Not only does sugar depress your immunity (as I discuss on page 8), it depletes vital B vitamins from your body and zaps your energy and alertness. Needless to say, that doesn’t help your mood, even if that Christmas cookie feels good in the moment.
Instead, I urge you to fill up on nutrient-dense whole foods and healthy fats. And just as importantly, slash carbs (which are really sugar, just by another name).
In fact, I outline the simple, delicious way you can break free of sugar’s vice-like grip in my latest book, The A-List Diet. (Go to www.AListDietBook.com to get your copy today.)
The idea behind this way of eating is to put your body into ketosis. Because as I explained back in the January 2018 issue of Logical Health Alternatives (“The real culprit behind post-holiday depression”), this state—in which your body switches to fat as its main source of fuel—is an effective, natural solution for a wide range of neurological issues, including depression.
But you’ll get even better results from all of the steps I’ve outlined in this article if you also incorporate physical activity into your daily routine. Exercise raises endorphins and energy levels. It’s also one of the most effective ways to stabilize your body’s natural circadian rhythms.
You get bonus points if you can squeeze in some sunshine with it, too—an admittedly tall order when it gets dark before 5 p.m. But if a brisk 20-minute walk during your lunch break is all you can do, rest assured that it will still make a huge difference.
5 more safe, natural mood boosters to help you through the winter
The three simple steps I outlined above are all it takes to ease SAD in many of my patients. But if you find you need a little extra help to get through the winter, here are a few of my top picks for mood-boosting supplements:
SAM-e. This is an amino acid that helps to boost serotonin levels. Starting mid- to late October, I start taking 400 to 800 mg every morning.
B complex.
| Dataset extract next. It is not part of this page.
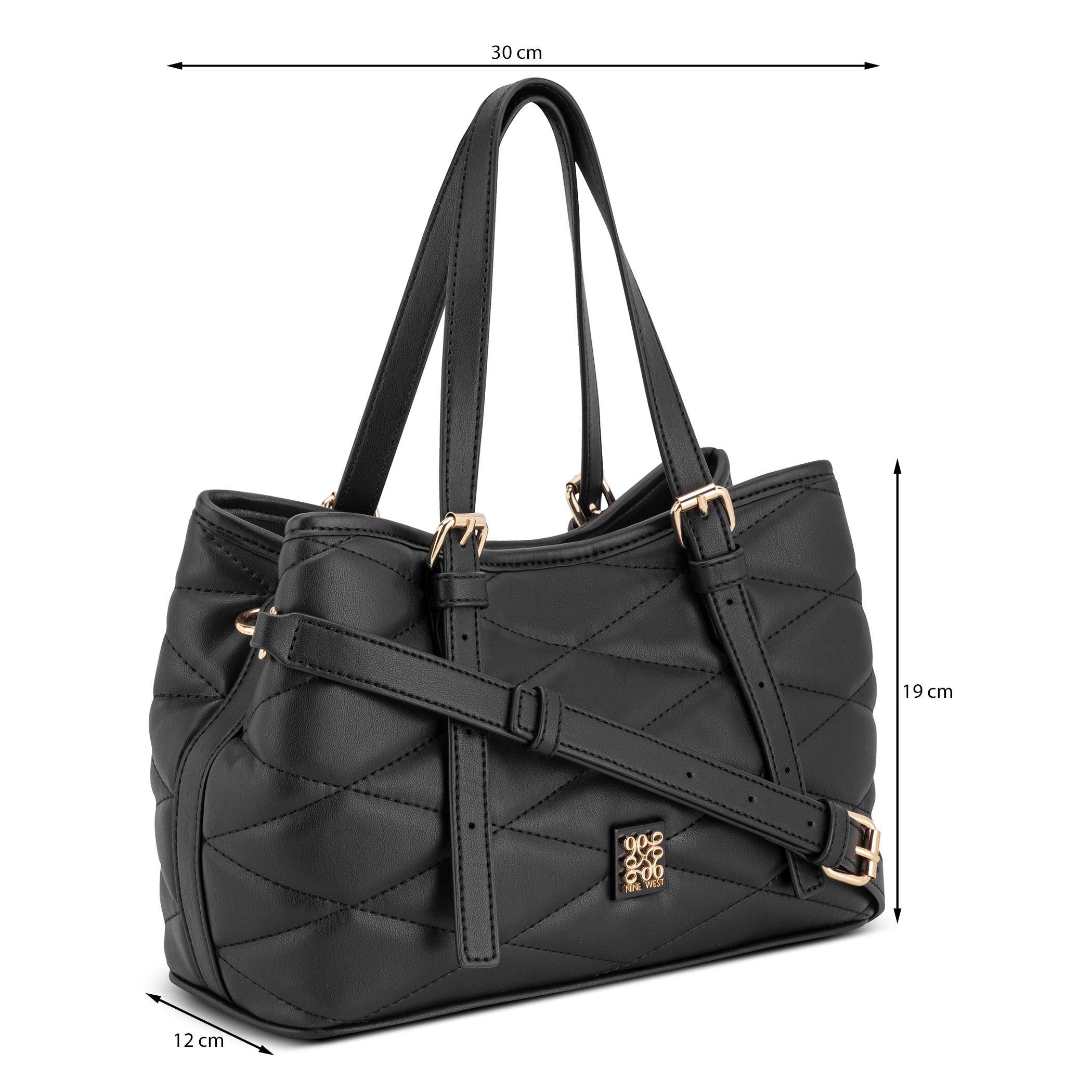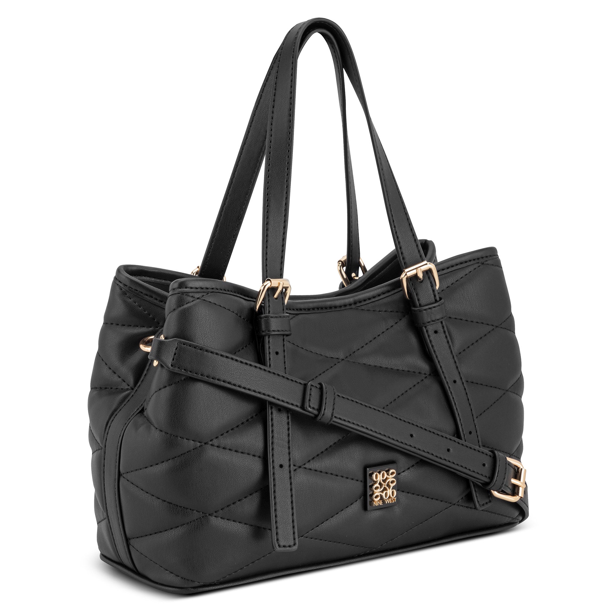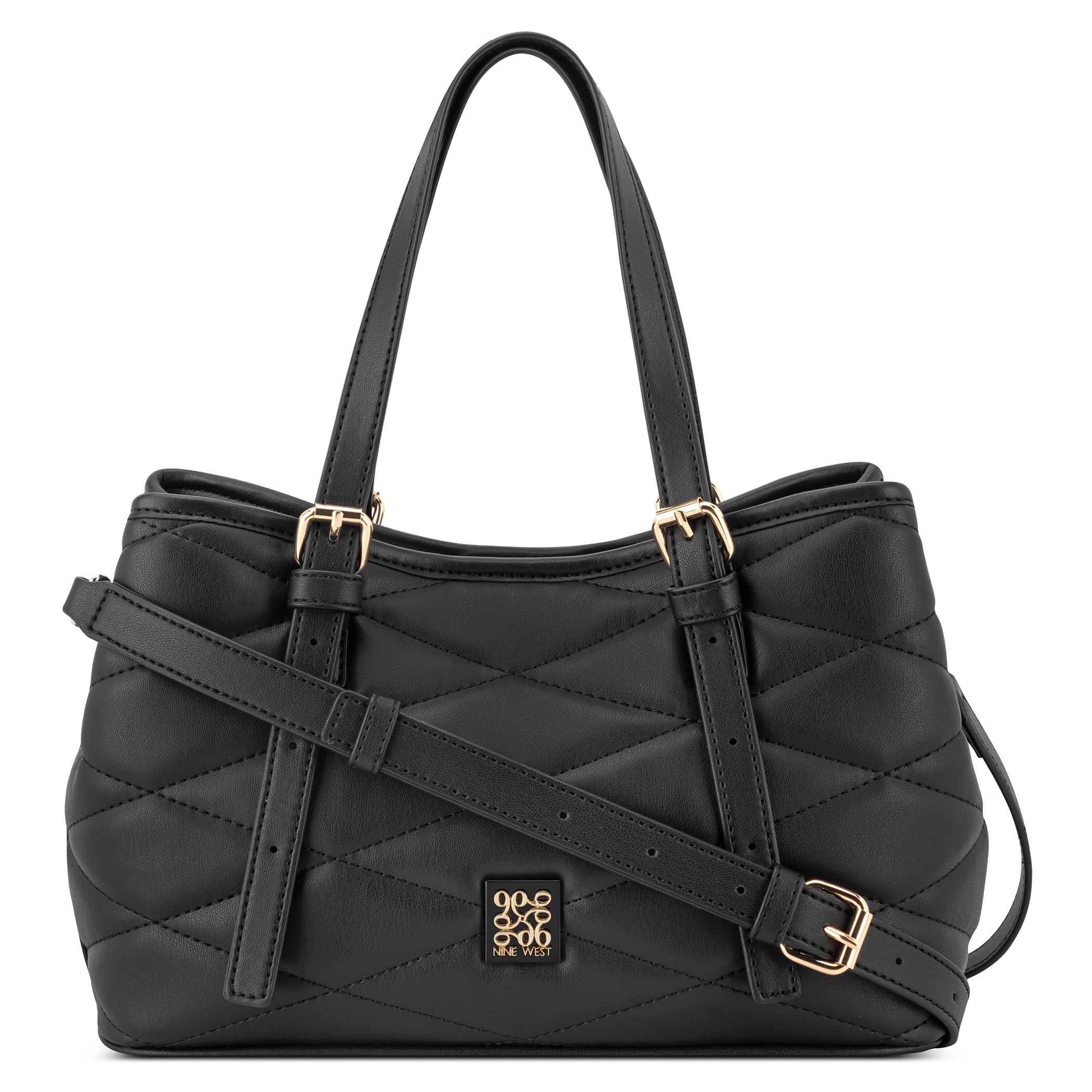 Bolsa de mano Nine West para mujer elaborada en material sintético con aplicación lisa, estampado liso, fijación de cierre y textura capitonada.

B vitamins alleviate stress and boost energy. I usually recommend taking a B-100 complex each day. But I double up on my B vitamins in the winter (a dose of 200 mg per day).
Tryptophan. This nutrient can help to raise serotonin levels and get you a good night’s sleep. I start taking 100 to 300 mg each night before bedtime in the winter.
During these dark and gloomy months, I also take more zinc (30 mg) and magnesium (750 mg) daily.
- Maslej MM, et al. Psychother Psychosom. 2017;86(5):268-282.
- Patrick RP, et al. FASEB J. 2015 Jun;29(6):2207-22.
- Naumann J, et al. BMC Complement Altern Med. 2017 Mar 28;17(1):172.